Flynn always hoped to direct An Evening of Beckett at Knox. Even as a freshman, she was interested in pursuing the author’s works from a directorial standpoint. She is a theatre major and though her focus is in lighting design, her experience in the department gave her the tools to direct the shows.

“I really kind of separated my lighting mind from my directing mind,” she said, noting that she gathered tools from classes as well as her experience participating in Rep Term.

Flynn reflected on the strength of Knox’s theatre department.

“There’s just a stone strong group of us always in CFA, always working on something, always doing something. There’s just a certain sense of camaraderie,” she said.

As well as the relationships she has forged, Flynn values the tools that she has gathered from her time in the department.

“I’ve been given the opportunity to work on everything from realism to absurdism,” she said. “The biggest thing that I’ve taken away that I think will help me in the real world is this idea that it’s okay to make a mistake as long as you fix it. It’s okay to try something that you’re not quite sure of and accept the responsibility for it and learn how to fix it.”

An Evening of Beckett, according to Flynn, was the perfect way to bid farewell to the department.

She said that to perform Beckett was no easy task.

“My cast was wonderful in more ways than I can count,” said Flynn. “Their memorizing abilities and their willingness to do something out there was awesome.”

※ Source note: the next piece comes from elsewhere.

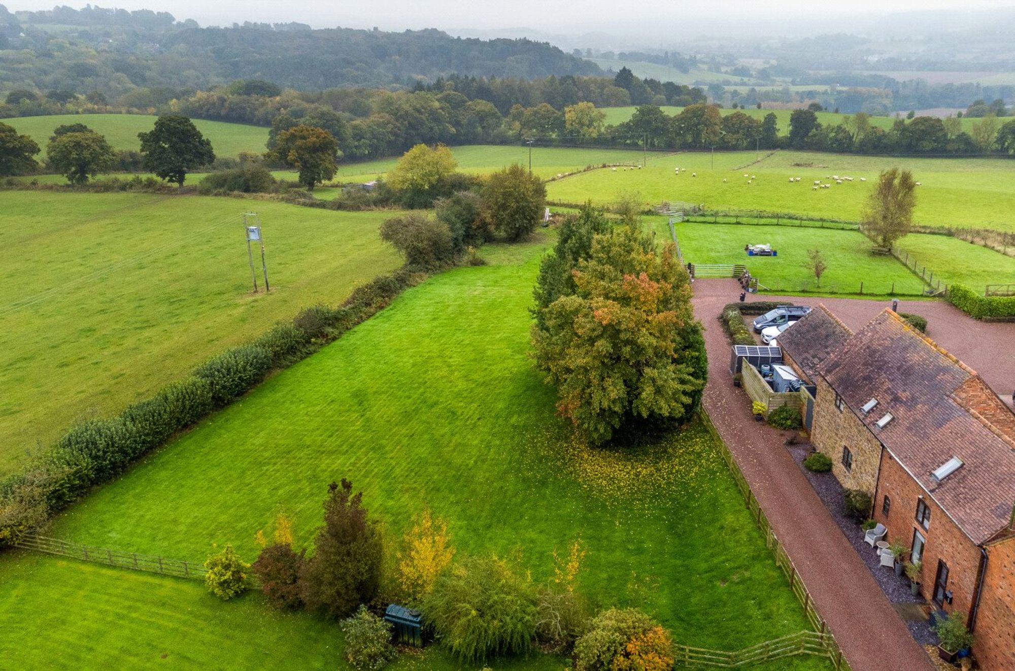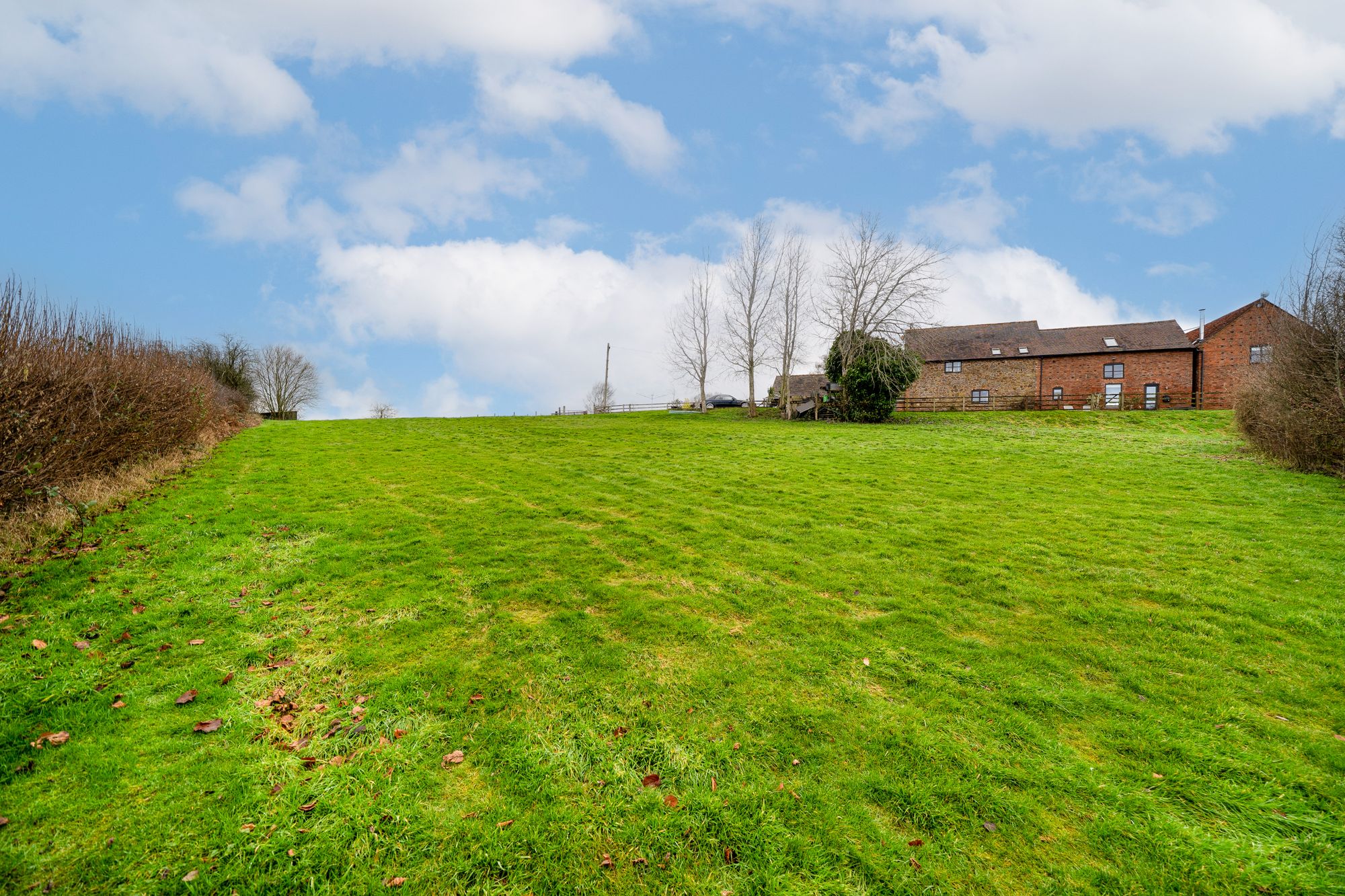 On the opposite side of the driveway, a good-sized paddock enclosed by post and rail fencing provides fantastic versatility, with a gravel hardstanding and a raised timber decked area, perfect for summer dining or simply admiring the beautiful countryside that surrounds Goose Barn.
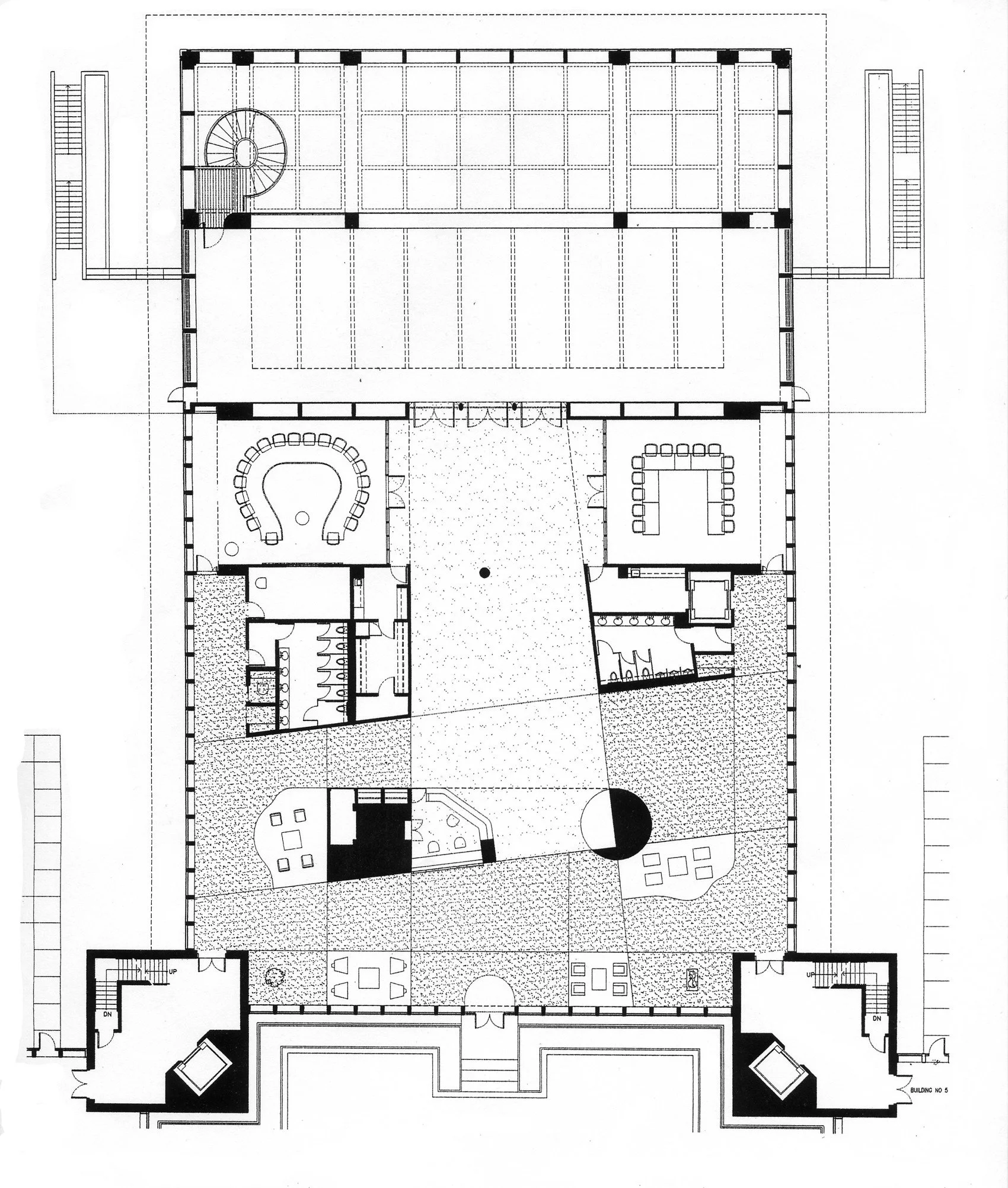 This particular component of the multi-phased renovation is illus- trated on these two pages. The extension of the middle building a cafeteria and dining hall, required a careful examination of build- ing assemblies of the 1960’s. Once we explored the exterior mate- rials and researched the ability to recreate the look a parti was developed. The buildings geometry dictated a stepping structure shown at the right in a series of plans that was expressed horizon- tally in one direction. This move allowed a sympathetic siting of the building in an highly articulated park and sculpture garden.

Flynn commented on the importance of each play’s cyclical nature. Actors often repeat monologues or parts of monologues at varying speeds or with varying inflection. The form hit home for Flynn.

“There’s just this kind of need to live in a cycle and not be able to move on, which is kind of weird because I’m a senior right now and I would like to just go back to being a first year because I know that Knox is safe. But I have to just break the cycle,” she said.

Though she has directed three of his plays, Flynn claims that she still does not fully understand Beckett.

“I’ll probably come back to Beckett later in life when I understand life a little more,” she said. “We’re on a break, we need some space.”